Question

$\text{A}$ and $\text{B}$ throw a die alternatively till one of them gets a $6$ and wins the game. Find their respective probabilities of winning, if $\text{A}$ starts first .

Answer 1

Let success (getting a $6$) is denoted by $\text{S}$ and the failure(not getting $6$) is denoted by $\text{F}$.

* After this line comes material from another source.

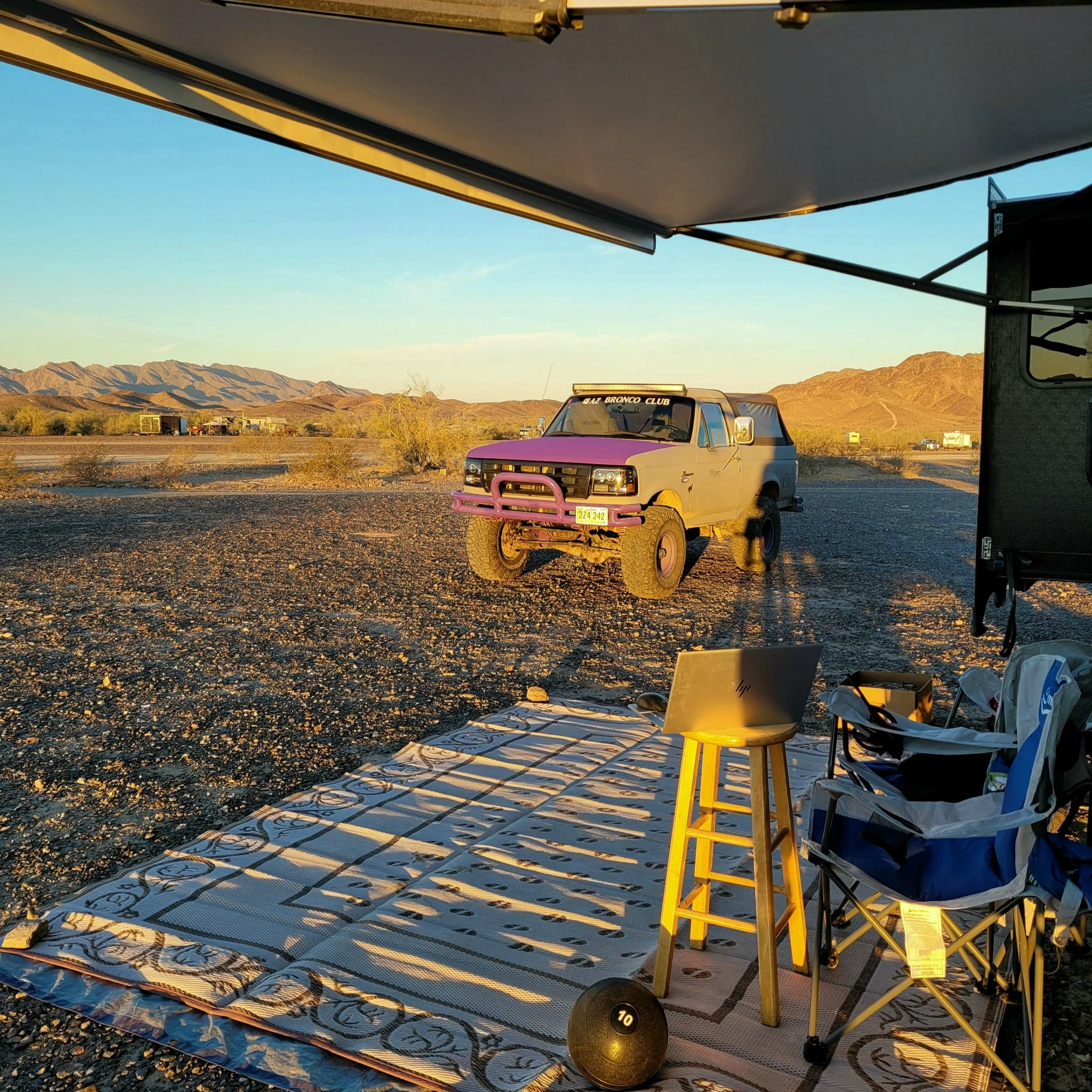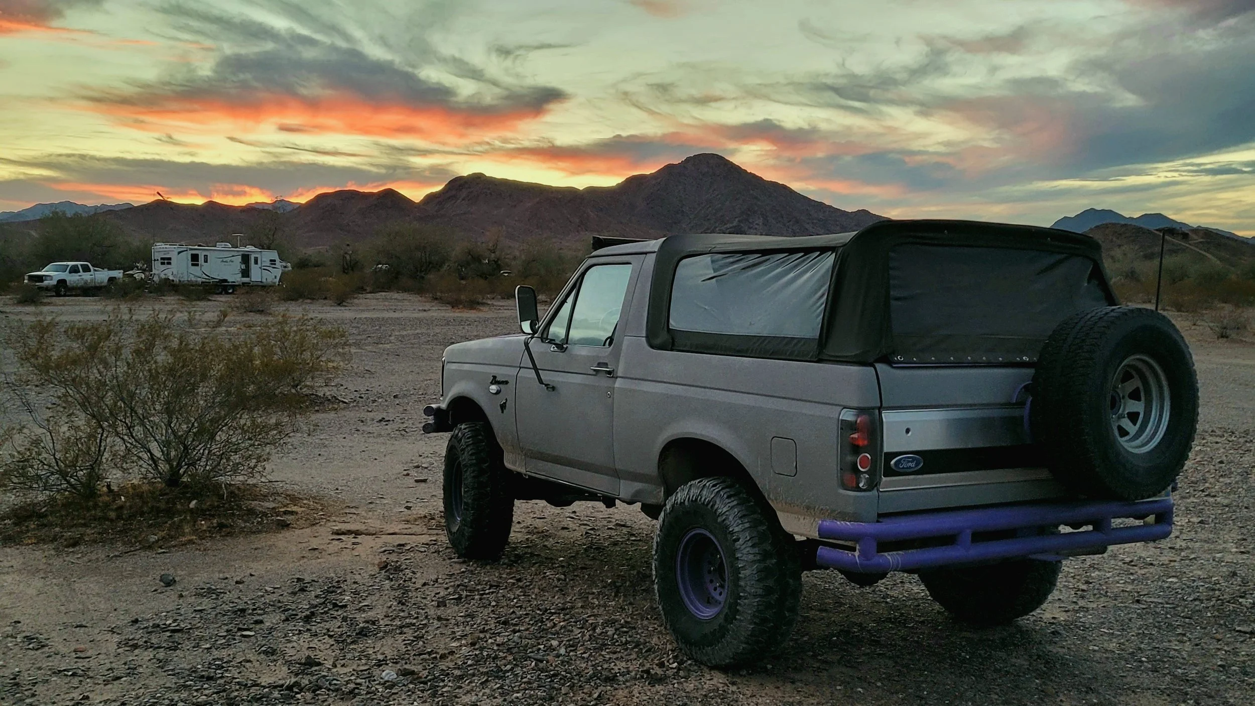 The awesome Bronco looking west at an amazing sunset in Quartzsite, Arizona!
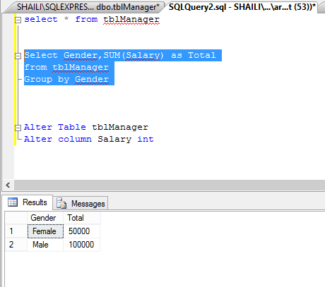 Now after the execution of this query we will execute the previous query to list the total salaries of Managers grouped by Gender like this:

When a die is thrown then sample space $\left\{1,2,3,4,5,6\right\}$

$$\begin{gathered} \text{P(S)=}\frac{1}{6}\text{=p} \\ \text{P(F)=}\frac{5}{6}\text{=q} \end{gathered}$$

If we throw the die then first $\text{A}$ throw then die $\text{B}$ is thrown, so

$$\begin{gathered} \text{P(A wins in the first throw )=p} \\ \text{P(A wins in the third throw)=qqp} \\ \text{P(A wins in the fifth throw)=qqqqp} \end{gathered}$$

$\text{P(A wins)=p+qqp+qqqqp+ ⋯⋯⋯⋯⋯⋯⋯⋯⋯⋯}$

$$\begin{gathered} ={\text{p+q}}^2{\text{p+q}}^4\text{p+⋯⋯⋯⋯⋯⋯⋯⋯⋯} \\ ={\text{p(1+q}}^2{\text{+q}}^4\text{+⋯⋯⋯⋯⋯⋯)} \\ =\text{p(}\frac{1}{1-{\text{q}}^2}{\text{) (here 1+q}}^2{\text{+q}}^4\text{+⋯⋯⋯⋯⋯ is a G.P.)} \\ =\frac{\text{p}}{1-{\text{q}}^2} \end{gathered}$$

Now we find $1-{\text{q}}^2\text{=1-(}\frac{5}{6}{\text{)}}^2\text{=1-}\frac{25}{36}\text{=}\frac{36-25}{36}\text{=}\frac{11}{36}$

Now we find $\frac{\text{p}}{1-{\text{q}}^2}=\frac{1}{6}÷\frac{11}{36}=\frac{1}{6}\times \frac{36}{11}=\frac{6}{11}$

Hence, $\text{P(A wins)=}\frac{6}{11}$, $\text{P(B wins)= 1-P(A wins)=1-}\frac{6}{11}\text{=}\frac{11-6}{11}\text{=}\frac{5}{11}$